* WHAT IS EXPECTED *
Set down again exactly the lines of the listing below that fall between the line holding "Ao finalizar as" and the line holding "A unique handmade", inclusive.

* PROVIDED ENTRIES *
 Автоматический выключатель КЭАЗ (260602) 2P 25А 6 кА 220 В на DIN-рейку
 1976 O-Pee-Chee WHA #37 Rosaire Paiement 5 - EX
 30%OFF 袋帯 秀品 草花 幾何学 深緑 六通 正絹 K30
* * *
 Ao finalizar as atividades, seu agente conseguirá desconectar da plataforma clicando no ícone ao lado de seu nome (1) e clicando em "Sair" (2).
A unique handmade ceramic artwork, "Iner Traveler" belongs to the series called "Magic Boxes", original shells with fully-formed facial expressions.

* PROBLEM SOLUTION *
 Ao finalizar as atividades, seu agente conseguirá desconectar da plataforma clicando no ícone ao lado de seu nome (1) e clicando em "Sair" (2).
A unique handmade ceramic artwork, "Iner Traveler" belongs to the series called "Magic Boxes", original shells with fully-formed facial expressions.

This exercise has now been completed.